Columns are Season (number), Episode (number), Title (of theepisode), Rating (according to IMDb) and Votes (to construct therating).

Make sure it’s sorted sensibly

Biologically, this could be Site / Individual / ID / Mean size /Things measured.

Hypothesis: Seinfeld used to be funny, but got progressively lessgood as it became too mainstream. Or, does the mean episode ratingper season decrease?

Now, we want to calculate the average rating per season:

and so on until:

As with most things, we could automate this with a for loop:

That’s actually not that horrible to do. But we it could benicer. We first split the ratings by season:

Then use sapply to loop over this list, computing the mean

Then if we wanted to apply a different function (say, compute theper-season standard error) we could just do:

But there’s still repetition there. Let’s abstract that away a bit.

Permute 2 2.2.8 games

Suppose we want a: 1. response variable (like Rating was) 2. grouping variable (like Season was) 3. function to apply to each level

This just writes out exactly what we had before

We can compute the mean rating by season again:

which is the same as what we got before:

Of course, we’re not the first people to try this. This is exactlywhat the tapply function does (but with a few bells and whistles,especially around missing values, factor levels, additionalarguments and multiple grouping factors at once).

So using tapply, you can do all the above manipulation in asingle line.

There are a couple of limitations of tapply.

The first is that getting the season out of tapply is quitehard. We could do:

But that’s quite ugly, not least because it involves the conversionnumeric -> string -> numeric.

Better could be to use

But that requires knowing what is going on inside of tapply (thatunique levels are sorted and data are returned in that order).

I suspect that this approach:

is probably the most fool-proof, but it’s certainly not pretty.

However, the returned format is extremely flexible. If you do:

The aggregate function provides a simplfied interface to tapplythat avoids this issue. It has two interfaces: the first issimilar to what we used before, but the grouping variable now mustbe a list or data frame:

(note that dat['Season'] returns a one-column data frame). Thecolumn ‘x’ is our response variable, Rating, grouped by season. Wecan get its name included in the column names here by specifyingthe first argument as a data.frame too:

The other interface is the formula interface, that will be familiarfrom fitting linear models:

This interface is really nice; we can get the number of votes heretoo.

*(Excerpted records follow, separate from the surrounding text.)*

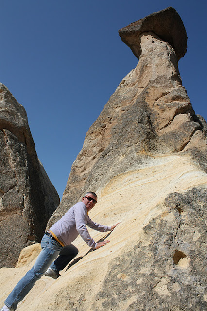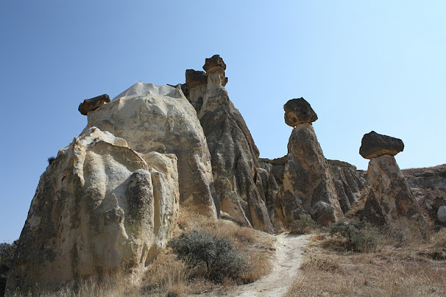 As esculturas naturais na Capadócia foram se formando ao longo do tempo moldando a pedra vulcânica arenosa. Rios, chuvas, tempestades de neves e ventos fortes modificaram a paisagem e criaram fantásticas formações rochosas. Os monumentos são como cogumelos e castelos construídos numa paisagem lunar” (blogdoturismo).
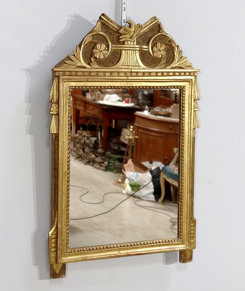 Charmant miroir rectangulaire en bois doré à cadre mouluré et perlé, sommé d’un grand fronton représentant une colombe entourée de flèches, de volutes et de fleurs. De chaque côté, des pompons forment des chutes sur le haut du cadre.
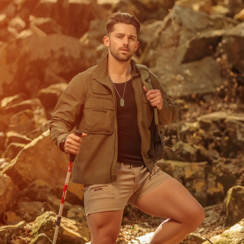 Conquer the outdoors in style with the Boerboel Wear Mens Kalahari Jacket – Olive. Crafted from durable cotton ripstop stretch fabric, this lightweight jacket delivers superior tear resistance and freedom of movement. Features a raised collar, military-inspired design, and multiple pockets including three deep front pockets with flap closures. Distinctive piping detail and tone-on-tone embroidery add refined style. Perfect for hiking, biking, or everyday adventures. Breathable, comfortable, and built for unpredictable weather.
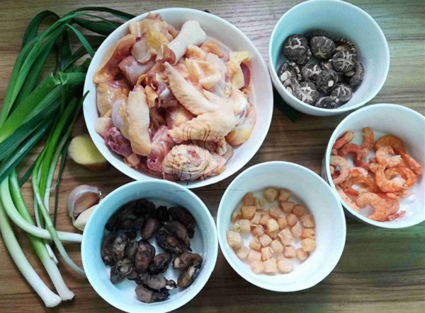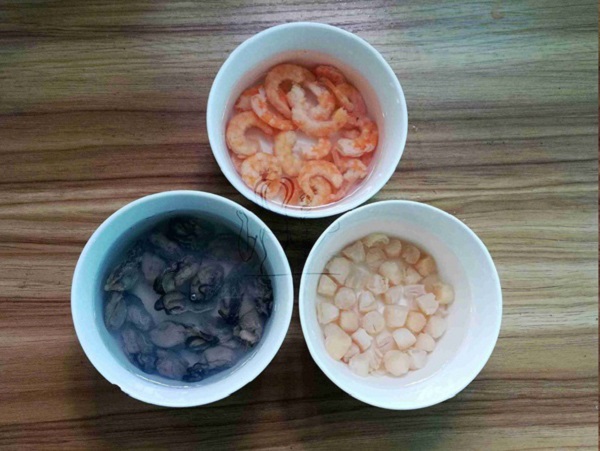- Tôm khô, sò điệp, hàu rửa sạch, ngâm mềm.
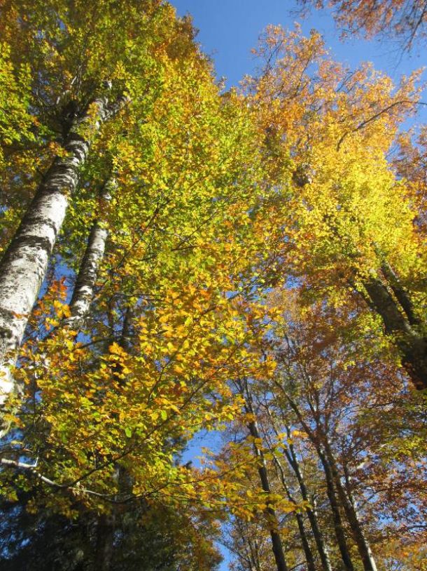Sont-ils intéressés par les insectes qu’ils ramènent parfois dans des petites boites ad hoc, regardent-ils les fourmilières ? Notre fils nous signale régulièrement « des autoroutes de fourmis ». Toucher les écorces révèle leur diversité : plutôt lisses pour le hêtre ou le noisetier, bosselées pour le chêne, collantes pour les résineux ou parcheminées pour les bouleaux sur lesquelles on peut écrire. Pister les animaux et rechercher des indices de poils, de crottes, de plumes et d’empreintes est une autre activité susceptible de passionner les enfants. Avec un peu de chance, vous croiserez un renard ou un chevreuil si vous sortez tôt ou évitez les lieux fréquentés. Pour vous inspirer, je vous recommande le livre « Promenades en forêt »[1]. Dans le registre poétique, j’aime beaucoup « la chanson de l’arbre »[2], histoire d’automne entre un arbre et un oiseau, illustré dans un univers coloré et graphique.
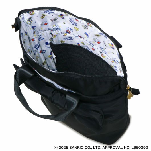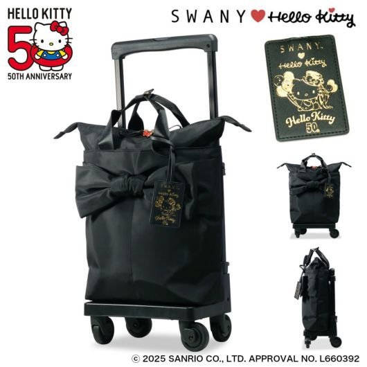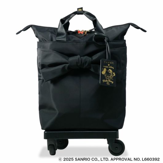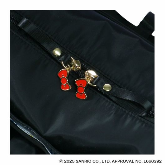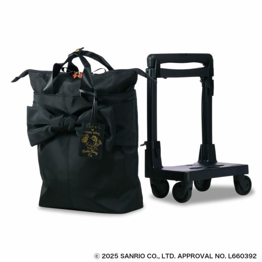 大き目のリボンがチャーミングで可愛らしさと実用性を兼ね備えたシリーズです。シックな黒基調ながら、ファスナープラーにはリボンチャームをあしらい、バッグ内装は総柄プリントを使用しています。キャリーバッグはミドルサイズのトートバッグ型で日常的に長く使用できるバッグフォルムです。

If you have multiple grouping variables, you can write things like:<div class=’bogus-wrapper’></div>

to apply a function to each pair of levels of factor1 and factor2.

This is great in Monte Carlo simulation situations. For example.Suppose that you flip a fair coin n times and count the number ofheads:

You can run the trial a bunch of times:

and get a feel for the results. If you want to replicate the trial100 times and look at the distribution of results, you could do:

and then you could plot these:

for” loops shine where the output of one iteration depends onthe result of the previous iteration.

Suppose you wanted to model random walk. Every time step, with 50%probability move left or right.

Start at position 0

Move left or right with probability p (0.5 = unbiased)

Update the position

Let’s abstract the update into a function:

Permute 2 2.2.8 Patch

Repeat a bunch of times:

Permute 2 2.2.8 Download

To find out where we got to after 20 steps:

If we want to collect where we’re up to at the same time:

Permute 2 2.2.8 Torrent

Pulling that into a function:

We can then do 30 random walks:

Of course, in this case, if we think in terms of vectors we canactually implement random walk using implicit vectorisation:

Permute 2 2.2.8 Mod

Which reinforces one of the advantages of thinking in terms offunctions: you can change the implementation detail without therest of the program changing.